■ **EXERCISE**:
Produce a word-for-word copy of the lines from the one that contains "俞洪亮教授做主题发言:《推动研究范式变革,再构外语类学科体系》" to the final line of the data below, with all pictures dropped.

Dataset entries
Start of Block
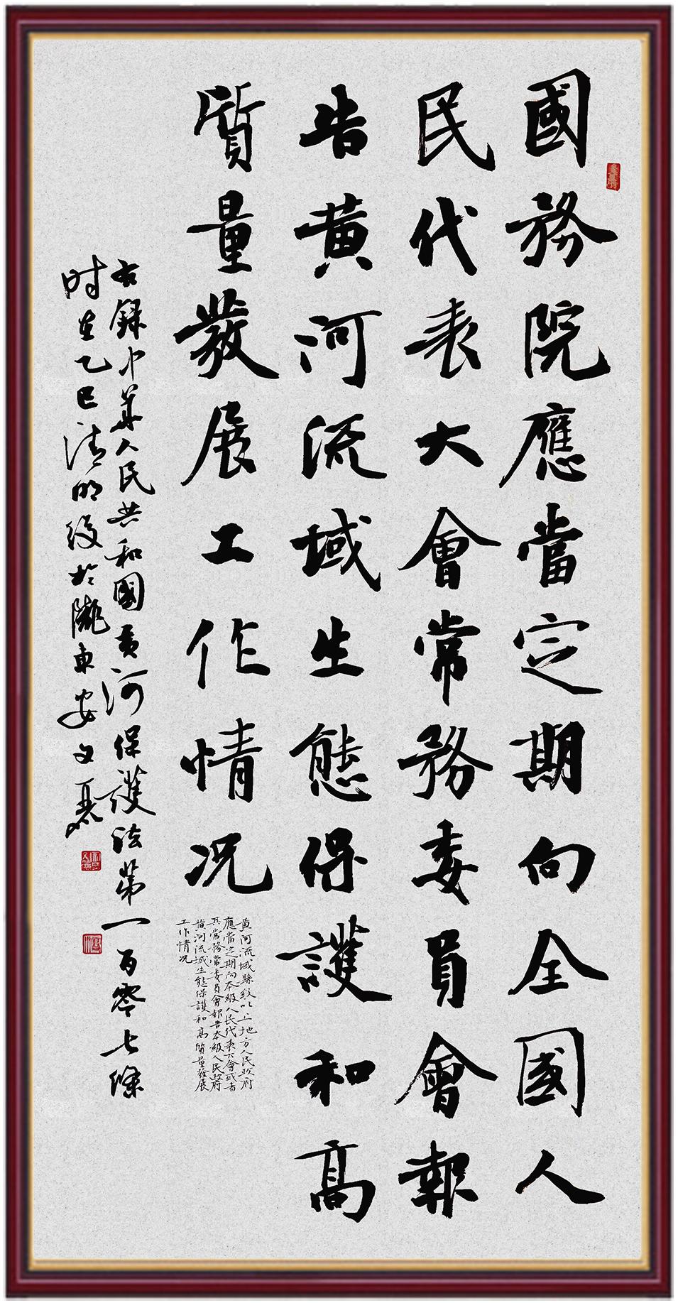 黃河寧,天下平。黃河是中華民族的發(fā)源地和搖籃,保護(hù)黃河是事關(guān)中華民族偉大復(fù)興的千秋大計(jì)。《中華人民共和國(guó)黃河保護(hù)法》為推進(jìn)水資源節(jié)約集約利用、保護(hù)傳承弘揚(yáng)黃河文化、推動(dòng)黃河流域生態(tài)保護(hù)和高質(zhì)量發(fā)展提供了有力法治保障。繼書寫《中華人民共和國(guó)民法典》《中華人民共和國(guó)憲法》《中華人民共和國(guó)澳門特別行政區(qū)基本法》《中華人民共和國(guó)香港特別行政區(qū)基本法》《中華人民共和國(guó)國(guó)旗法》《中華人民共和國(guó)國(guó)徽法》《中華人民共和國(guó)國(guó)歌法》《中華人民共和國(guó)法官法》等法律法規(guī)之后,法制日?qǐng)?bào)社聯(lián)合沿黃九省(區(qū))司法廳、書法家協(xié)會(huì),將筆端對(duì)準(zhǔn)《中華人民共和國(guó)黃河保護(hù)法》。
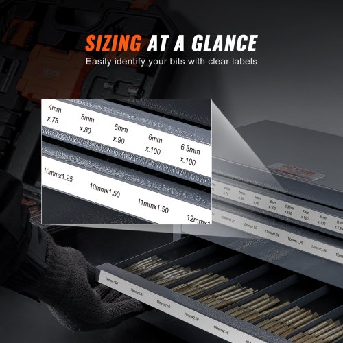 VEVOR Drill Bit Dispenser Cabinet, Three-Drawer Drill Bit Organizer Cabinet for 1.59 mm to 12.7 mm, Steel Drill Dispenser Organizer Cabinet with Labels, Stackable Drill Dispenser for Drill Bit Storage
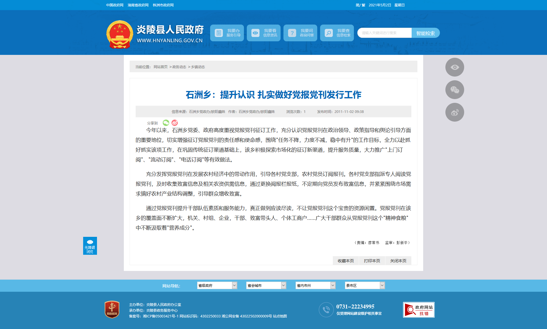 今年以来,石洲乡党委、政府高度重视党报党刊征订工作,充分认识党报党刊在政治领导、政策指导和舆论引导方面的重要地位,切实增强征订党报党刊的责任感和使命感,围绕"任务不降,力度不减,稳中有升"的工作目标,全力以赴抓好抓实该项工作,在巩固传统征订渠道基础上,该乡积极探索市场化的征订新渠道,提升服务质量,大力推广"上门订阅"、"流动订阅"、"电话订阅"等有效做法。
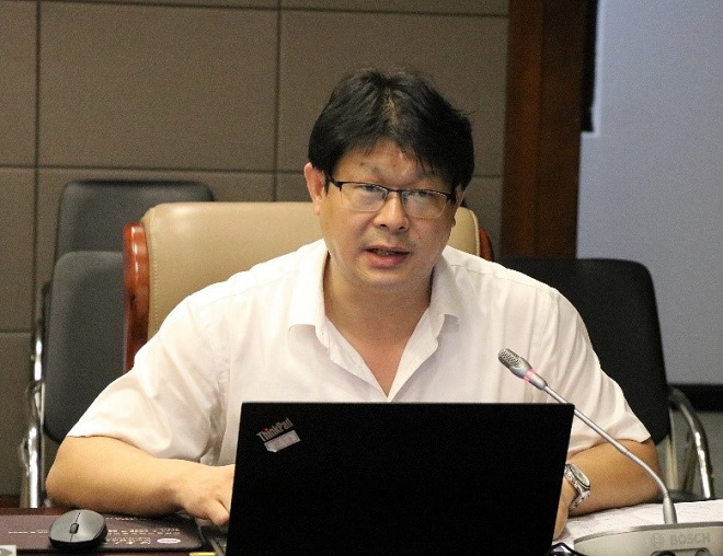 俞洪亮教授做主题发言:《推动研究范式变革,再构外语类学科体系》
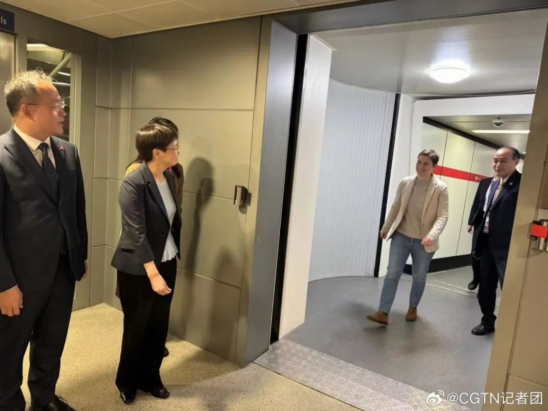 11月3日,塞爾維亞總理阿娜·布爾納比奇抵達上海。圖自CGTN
End of Block
■ **SOLVED PROBLEM**:
 俞洪亮教授做主题发言:《推动研究范式变革,再构外语类学科体系》
 11月3日,塞爾維亞總理阿娜·布爾納比奇抵達上海。圖自CGTN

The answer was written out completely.